━━━ PROVIDED MATERIAL ━━━
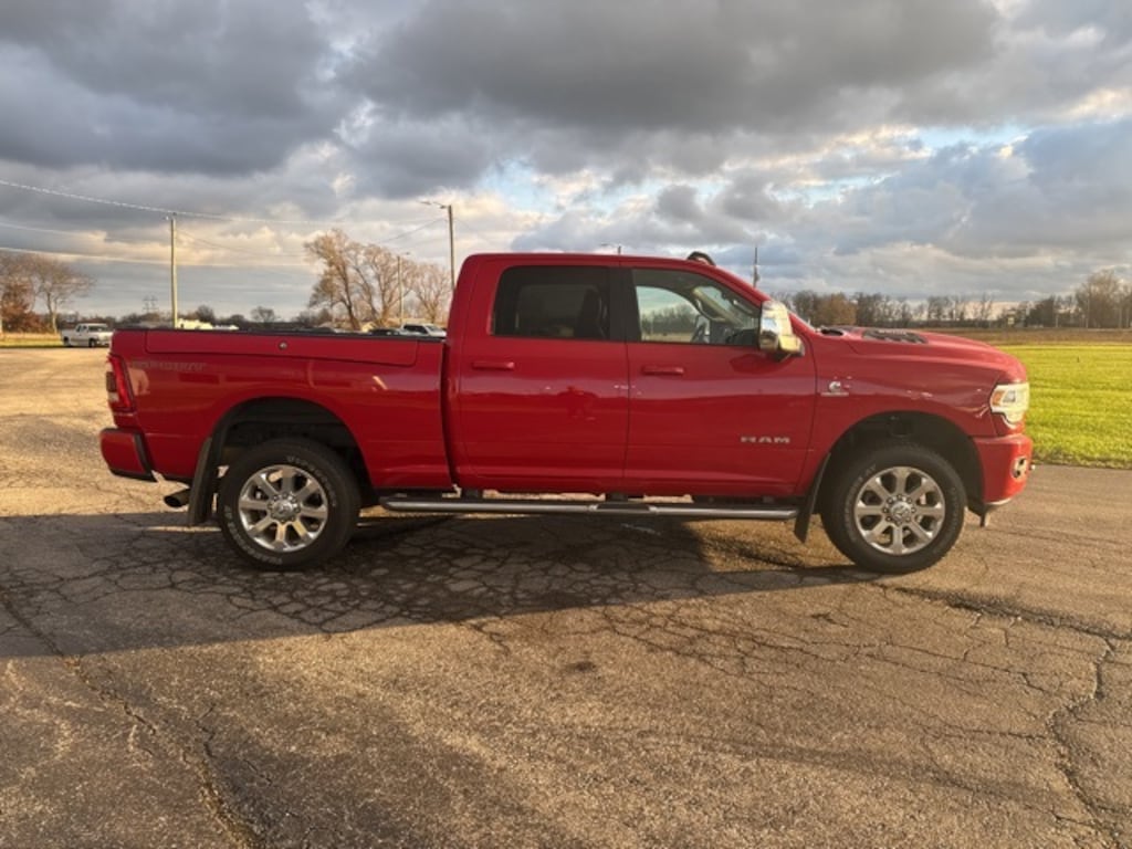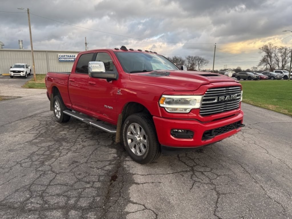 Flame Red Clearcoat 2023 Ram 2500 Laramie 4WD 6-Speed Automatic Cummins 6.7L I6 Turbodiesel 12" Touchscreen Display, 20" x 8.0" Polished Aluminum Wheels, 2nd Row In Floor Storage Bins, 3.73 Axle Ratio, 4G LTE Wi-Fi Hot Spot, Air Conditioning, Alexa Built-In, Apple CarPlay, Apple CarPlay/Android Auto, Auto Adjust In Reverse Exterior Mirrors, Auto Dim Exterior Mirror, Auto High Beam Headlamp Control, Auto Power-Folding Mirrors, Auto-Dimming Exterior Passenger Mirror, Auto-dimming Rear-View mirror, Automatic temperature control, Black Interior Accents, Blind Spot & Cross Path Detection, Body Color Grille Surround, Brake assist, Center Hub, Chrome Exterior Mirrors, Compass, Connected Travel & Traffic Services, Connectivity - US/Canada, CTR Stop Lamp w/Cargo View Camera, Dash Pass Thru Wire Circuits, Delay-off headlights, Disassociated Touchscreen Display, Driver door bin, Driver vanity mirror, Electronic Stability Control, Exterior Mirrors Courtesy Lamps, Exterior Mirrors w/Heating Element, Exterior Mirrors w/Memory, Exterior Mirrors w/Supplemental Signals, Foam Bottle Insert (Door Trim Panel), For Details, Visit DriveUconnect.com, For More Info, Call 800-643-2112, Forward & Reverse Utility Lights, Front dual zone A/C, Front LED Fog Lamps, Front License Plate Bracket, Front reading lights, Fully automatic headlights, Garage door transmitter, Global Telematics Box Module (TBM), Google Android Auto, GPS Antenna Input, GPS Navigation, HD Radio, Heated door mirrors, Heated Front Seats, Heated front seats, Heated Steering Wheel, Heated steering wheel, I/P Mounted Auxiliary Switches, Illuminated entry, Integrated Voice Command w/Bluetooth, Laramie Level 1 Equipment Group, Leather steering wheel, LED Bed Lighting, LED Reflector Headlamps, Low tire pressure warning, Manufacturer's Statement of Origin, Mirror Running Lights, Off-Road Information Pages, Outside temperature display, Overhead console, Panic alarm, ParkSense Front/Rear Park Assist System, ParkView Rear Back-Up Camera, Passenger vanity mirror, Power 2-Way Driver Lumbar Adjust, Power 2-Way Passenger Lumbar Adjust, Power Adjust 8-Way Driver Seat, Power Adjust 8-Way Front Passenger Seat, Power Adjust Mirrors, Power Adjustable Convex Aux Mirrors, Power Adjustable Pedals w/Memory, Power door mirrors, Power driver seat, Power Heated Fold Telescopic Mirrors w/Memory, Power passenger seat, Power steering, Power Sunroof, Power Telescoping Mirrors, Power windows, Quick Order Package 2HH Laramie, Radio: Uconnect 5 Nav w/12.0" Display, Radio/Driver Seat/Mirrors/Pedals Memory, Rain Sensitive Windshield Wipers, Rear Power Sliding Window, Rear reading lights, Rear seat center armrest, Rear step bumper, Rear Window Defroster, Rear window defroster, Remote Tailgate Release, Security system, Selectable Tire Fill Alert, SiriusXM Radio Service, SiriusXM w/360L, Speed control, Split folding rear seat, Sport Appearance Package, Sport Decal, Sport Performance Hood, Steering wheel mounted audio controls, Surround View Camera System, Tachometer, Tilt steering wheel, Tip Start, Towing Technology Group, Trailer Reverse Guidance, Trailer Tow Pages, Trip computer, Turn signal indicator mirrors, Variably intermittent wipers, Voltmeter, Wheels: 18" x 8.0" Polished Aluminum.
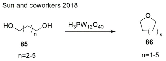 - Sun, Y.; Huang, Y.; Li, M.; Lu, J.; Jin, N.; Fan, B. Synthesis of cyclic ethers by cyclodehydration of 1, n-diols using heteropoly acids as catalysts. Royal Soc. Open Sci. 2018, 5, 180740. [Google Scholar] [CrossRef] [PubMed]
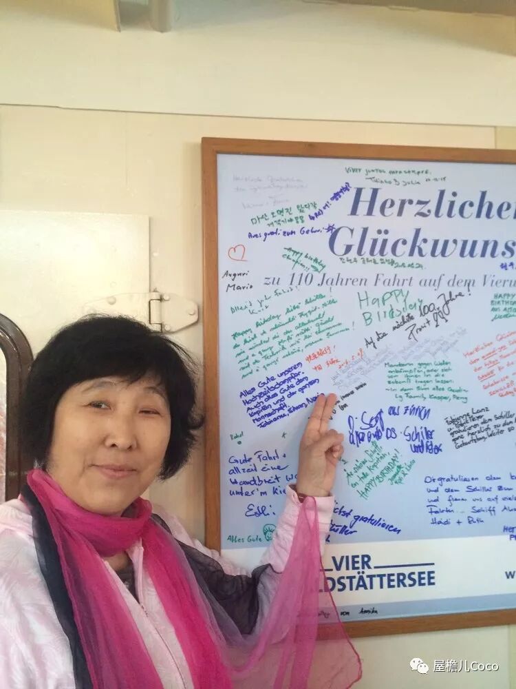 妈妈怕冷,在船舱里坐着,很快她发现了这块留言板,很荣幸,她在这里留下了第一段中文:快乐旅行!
━━━
ASSIGNMENT —
Word for word, copy every line of the data, excluding any pictures.

THE ANSWER —
 Flame Red Clearcoat 2023 Ram 2500 Laramie 4WD 6-Speed Automatic Cummins 6.7L I6 Turbodiesel 12" Touchscreen Display, 20" x 8.0" Polished Aluminum Wheels, 2nd Row In Floor Storage Bins, 3.73 Axle Ratio, 4G LTE Wi-Fi Hot Spot, Air Conditioning, Alexa Built-In, Apple CarPlay, Apple CarPlay/Android Auto, Auto Adjust In Reverse Exterior Mirrors, Auto Dim Exterior Mirror, Auto High Beam Headlamp Control, Auto Power-Folding Mirrors, Auto-Dimming Exterior Passenger Mirror, Auto-dimming Rear-View mirror, Automatic temperature control, Black Interior Accents, Blind Spot & Cross Path Detection, Body Color Grille Surround, Brake assist, Center Hub, Chrome Exterior Mirrors, Compass, Connected Travel & Traffic Services, Connectivity - US/Canada, CTR Stop Lamp w/Cargo View Camera, Dash Pass Thru Wire Circuits, Delay-off headlights, Disassociated Touchscreen Display, Driver door bin, Driver vanity mirror, Electronic Stability Control, Exterior Mirrors Courtesy Lamps, Exterior Mirrors w/Heating Element, Exterior Mirrors w/Memory, Exterior Mirrors w/Supplemental Signals, Foam Bottle Insert (Door Trim Panel), For Details, Visit DriveUconnect.com, For More Info, Call 800-643-2112, Forward & Reverse Utility Lights, Front dual zone A/C, Front LED Fog Lamps, Front License Plate Bracket, Front reading lights, Fully automatic headlights, Garage door transmitter, Global Telematics Box Module (TBM), Google Android Auto, GPS Antenna Input, GPS Navigation, HD Radio, Heated door mirrors, Heated Front Seats, Heated front seats, Heated Steering Wheel, Heated steering wheel, I/P Mounted Auxiliary Switches, Illuminated entry, Integrated Voice Command w/Bluetooth, Laramie Level 1 Equipment Group, Leather steering wheel, LED Bed Lighting, LED Reflector Headlamps, Low tire pressure warning, Manufacturer's Statement of Origin, Mirror Running Lights, Off-Road Information Pages, Outside temperature display, Overhead console, Panic alarm, ParkSense Front/Rear Park Assist System, ParkView Rear Back-Up Camera, Passenger vanity mirror, Power 2-Way Driver Lumbar Adjust, Power 2-Way Passenger Lumbar Adjust, Power Adjust 8-Way Driver Seat, Power Adjust 8-Way Front Passenger Seat, Power Adjust Mirrors, Power Adjustable Convex Aux Mirrors, Power Adjustable Pedals w/Memory, Power door mirrors, Power driver seat, Power Heated Fold Telescopic Mirrors w/Memory, Power passenger seat, Power steering, Power Sunroof, Power Telescoping Mirrors, Power windows, Quick Order Package 2HH Laramie, Radio: Uconnect 5 Nav w/12.0" Display, Radio/Driver Seat/Mirrors/Pedals Memory, Rain Sensitive Windshield Wipers, Rear Power Sliding Window, Rear reading lights, Rear seat center armrest, Rear step bumper, Rear Window Defroster, Rear window defroster, Remote Tailgate Release, Security system, Selectable Tire Fill Alert, SiriusXM Radio Service, SiriusXM w/360L, Speed control, Split folding rear seat, Sport Appearance Package, Sport Decal, Sport Performance Hood, Steering wheel mounted audio controls, Surround View Camera System, Tachometer, Tilt steering wheel, Tip Start, Towing Technology Group, Trailer Reverse Guidance, Trailer Tow Pages, Trip computer, Turn signal indicator mirrors, Variably intermittent wipers, Voltmeter, Wheels: 18" x 8.0" Polished Aluminum.
 - Sun, Y.; Huang, Y.; Li, M.; Lu, J.; Jin, N.; Fan, B. Synthesis of cyclic ethers by cyclodehydration of 1, n-diols using heteropoly acids as catalysts. Royal Soc. Open Sci. 2018, 5, 180740. [Google Scholar] [CrossRef] [PubMed]
 妈妈怕冷,在船舱里坐着,很快她发现了这块留言板,很荣幸,她在这里留下了第一段中文:快乐旅行!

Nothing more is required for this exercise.